## YOUR INSTRUCTIONS
Each line in the material below, starting at the one that contains "在欢快的音乐声中,领导老师们" and ending at the one that contains "Anabar Protein Packed", should be repeated exactly; the pictures should not.

** Opening THE RECORDS block **

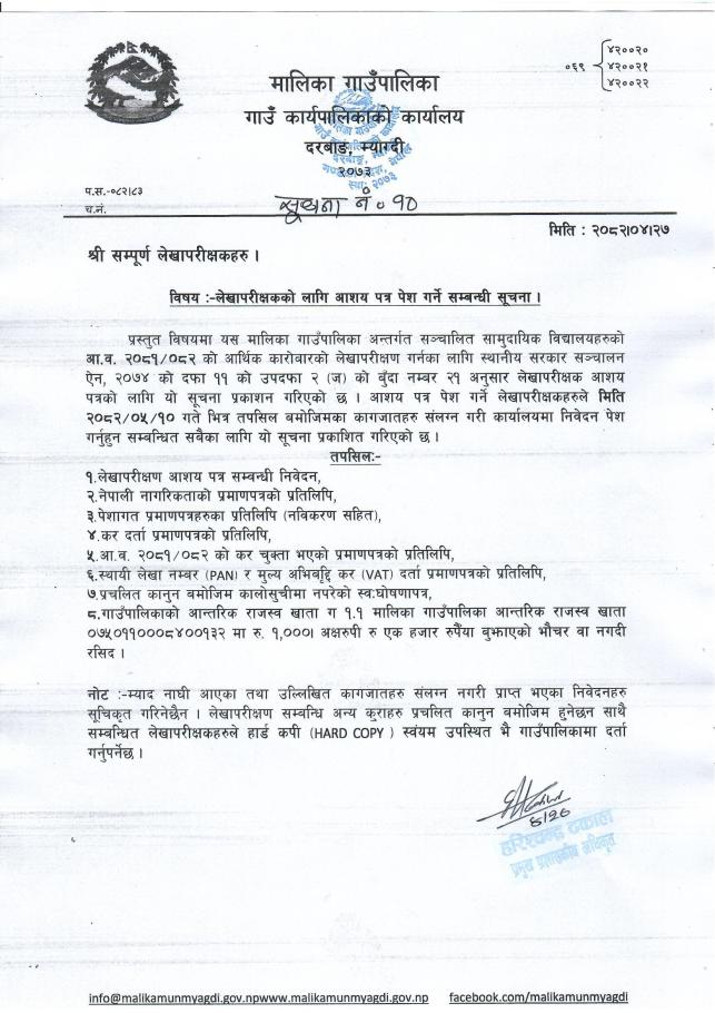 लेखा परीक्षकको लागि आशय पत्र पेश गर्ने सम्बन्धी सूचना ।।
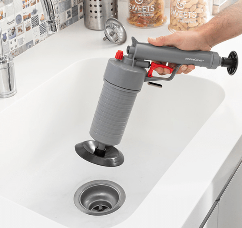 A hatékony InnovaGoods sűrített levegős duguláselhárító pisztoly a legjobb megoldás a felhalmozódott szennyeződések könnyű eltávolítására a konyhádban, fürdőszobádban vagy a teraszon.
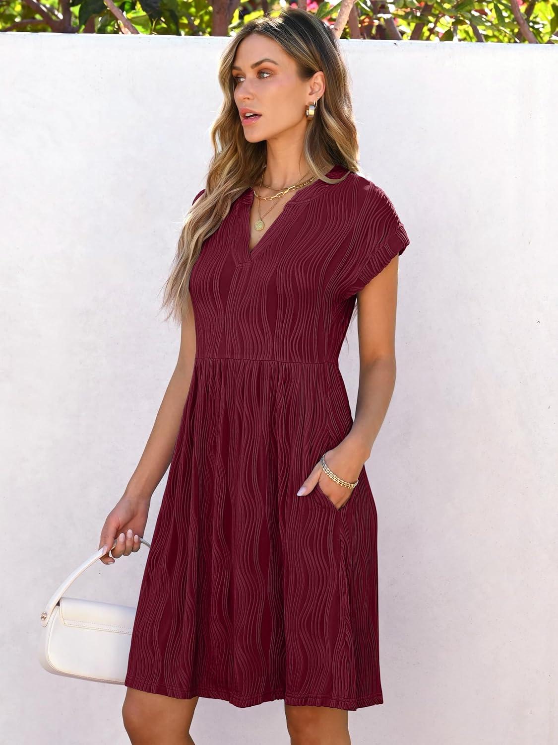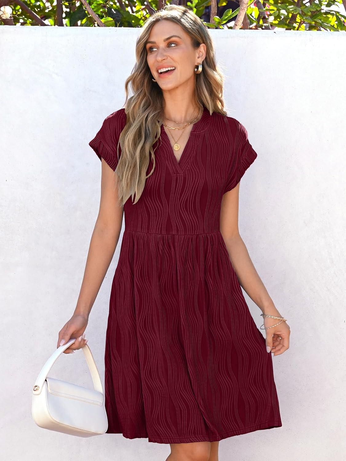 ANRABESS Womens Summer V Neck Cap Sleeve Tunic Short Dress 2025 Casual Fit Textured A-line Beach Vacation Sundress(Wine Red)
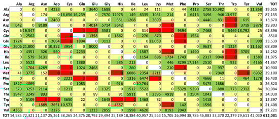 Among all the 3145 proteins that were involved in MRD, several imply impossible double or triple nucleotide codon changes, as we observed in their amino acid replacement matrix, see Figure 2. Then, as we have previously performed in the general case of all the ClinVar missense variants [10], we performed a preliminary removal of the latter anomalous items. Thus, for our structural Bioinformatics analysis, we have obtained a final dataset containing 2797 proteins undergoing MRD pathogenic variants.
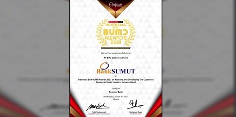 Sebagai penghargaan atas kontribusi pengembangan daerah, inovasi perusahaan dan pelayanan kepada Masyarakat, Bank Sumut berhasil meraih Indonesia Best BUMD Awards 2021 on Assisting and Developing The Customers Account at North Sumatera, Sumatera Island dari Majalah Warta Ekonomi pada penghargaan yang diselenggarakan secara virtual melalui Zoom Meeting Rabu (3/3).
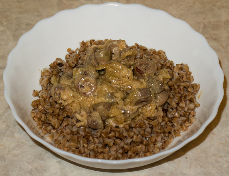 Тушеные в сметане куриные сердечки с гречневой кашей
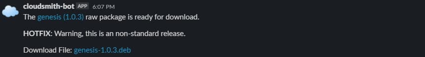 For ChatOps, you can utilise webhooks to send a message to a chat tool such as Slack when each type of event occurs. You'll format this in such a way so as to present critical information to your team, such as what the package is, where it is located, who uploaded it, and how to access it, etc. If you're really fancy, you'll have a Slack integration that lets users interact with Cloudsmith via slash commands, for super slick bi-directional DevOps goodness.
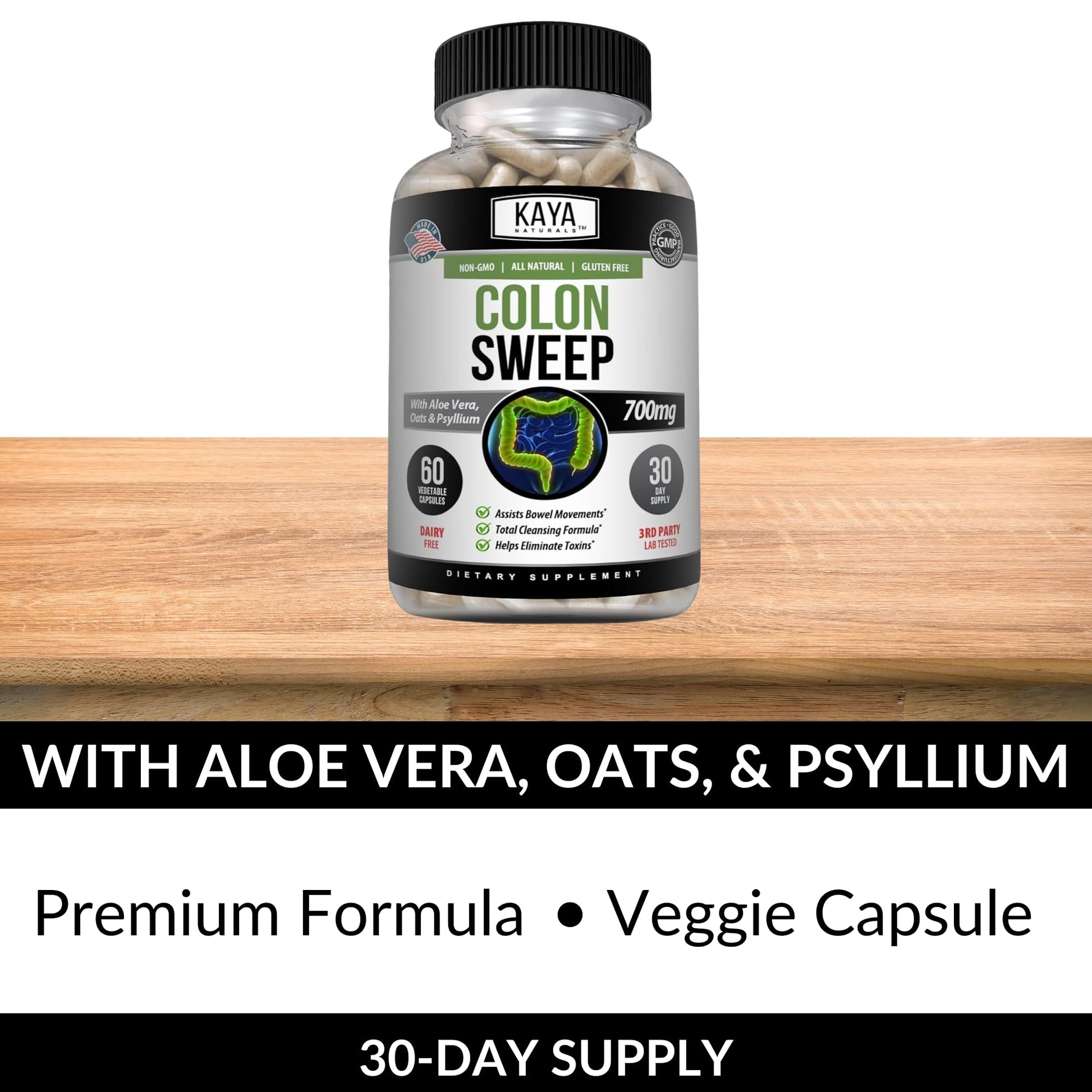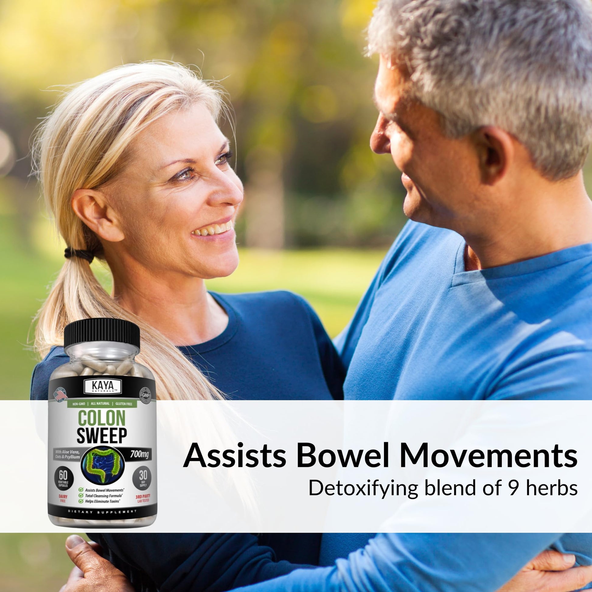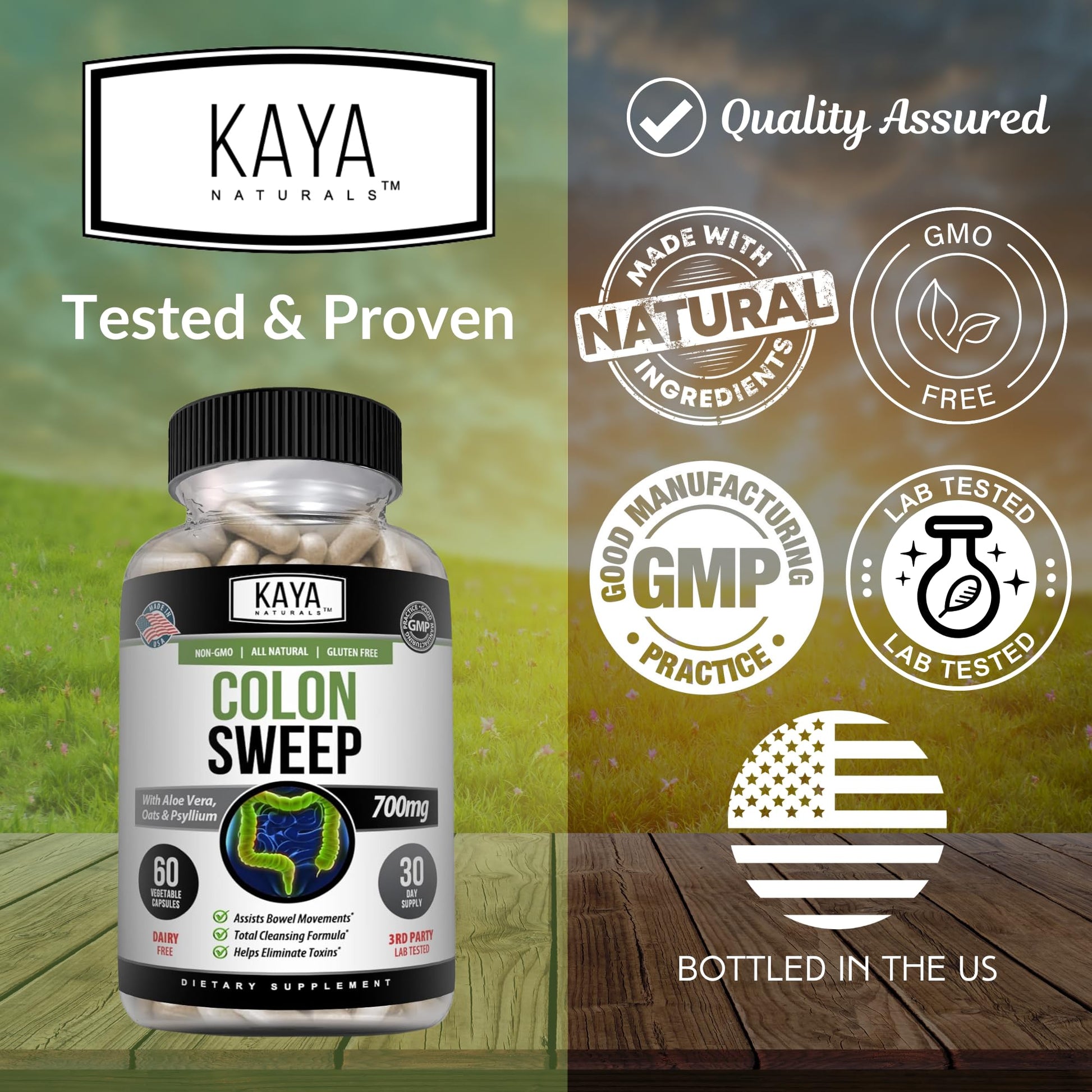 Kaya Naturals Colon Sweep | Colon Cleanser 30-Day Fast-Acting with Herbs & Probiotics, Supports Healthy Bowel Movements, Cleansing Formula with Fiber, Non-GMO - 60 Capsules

** Closing THE RECORDS block **
** Opening THE RECORDS block **

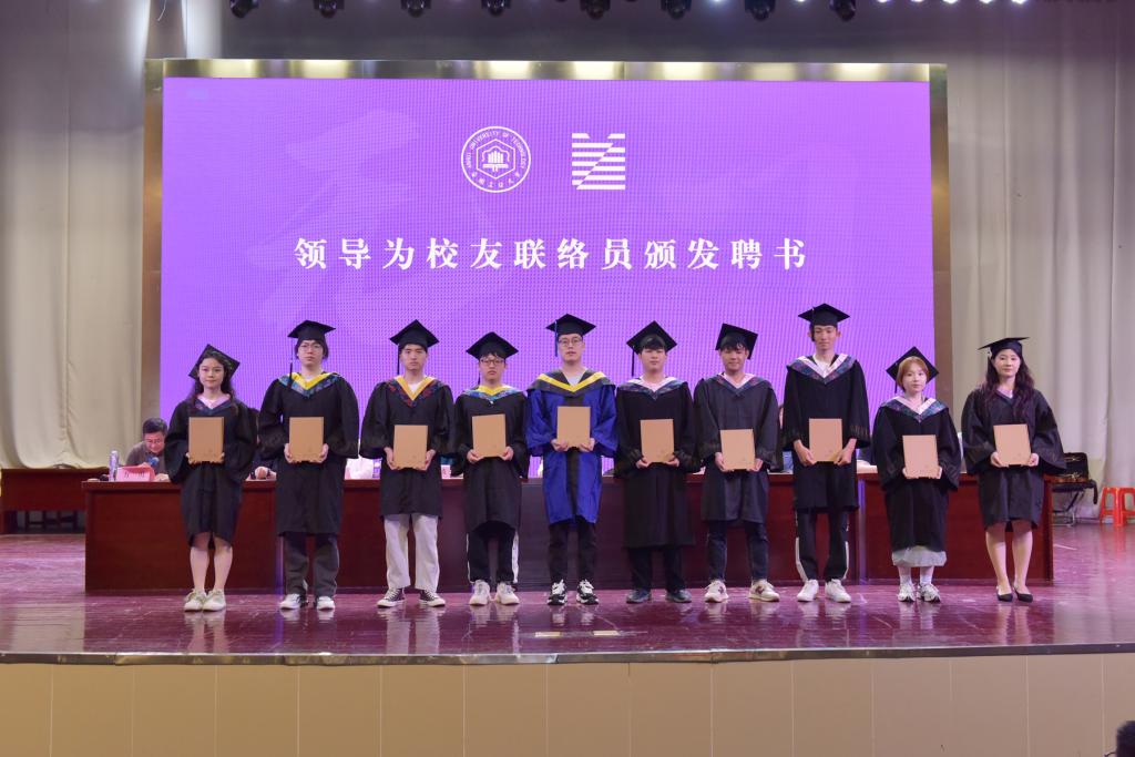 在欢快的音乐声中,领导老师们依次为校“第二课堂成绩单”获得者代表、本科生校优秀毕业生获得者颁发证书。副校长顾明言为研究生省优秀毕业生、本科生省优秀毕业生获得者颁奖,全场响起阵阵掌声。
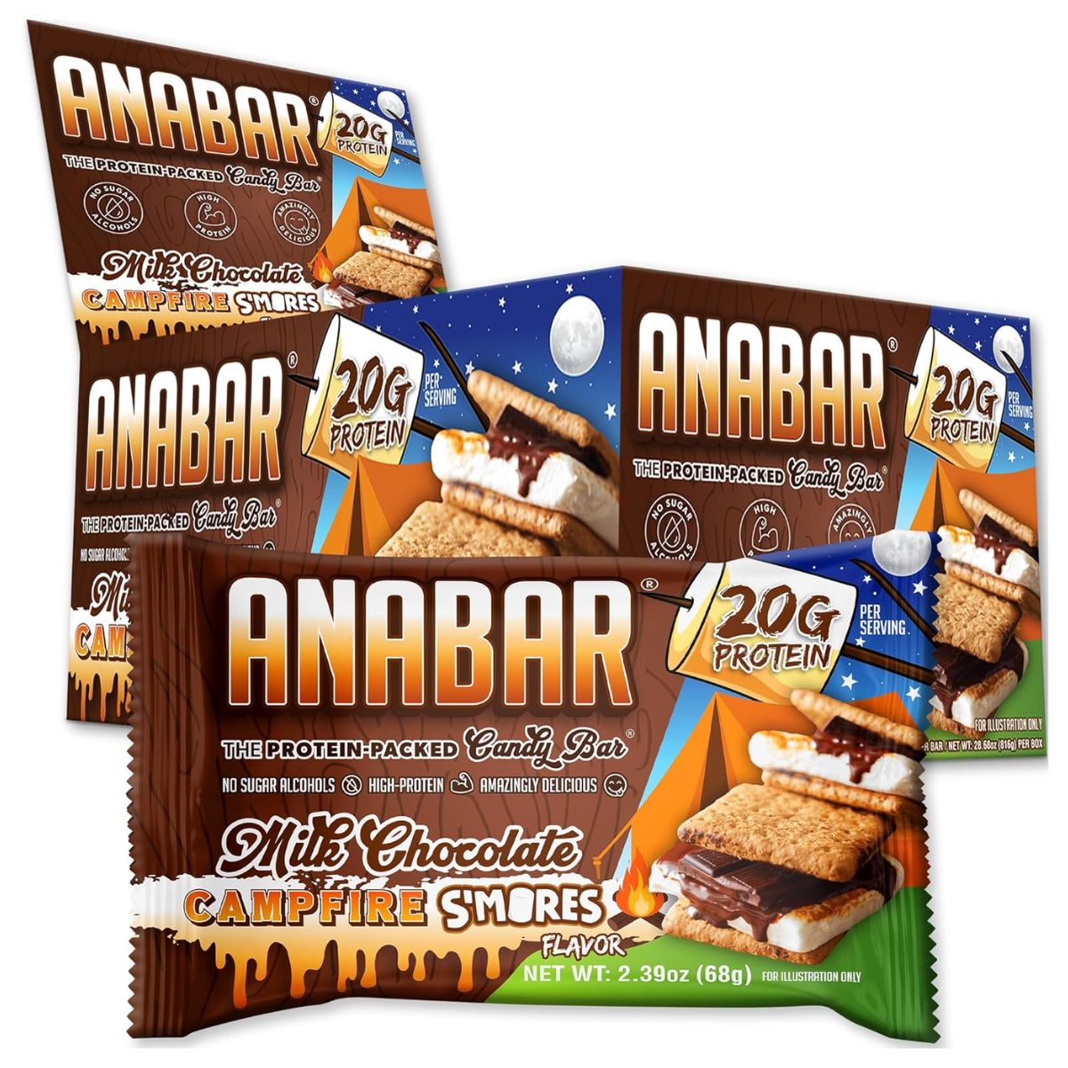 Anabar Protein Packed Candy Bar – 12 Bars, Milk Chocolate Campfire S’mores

** Closing THE RECORDS block **

## RESPONSE FOR THIS EXERCISE
 在欢快的音乐声中,领导老师们依次为校“第二课堂成绩单”获得者代表、本科生校优秀毕业生获得者颁发证书。副校长顾明言为研究生省优秀毕业生、本科生省优秀毕业生获得者颁奖,全场响起阵阵掌声。
 Anabar Protein Packed Candy Bar – 12 Bars, Milk Chocolate Campfire S’mores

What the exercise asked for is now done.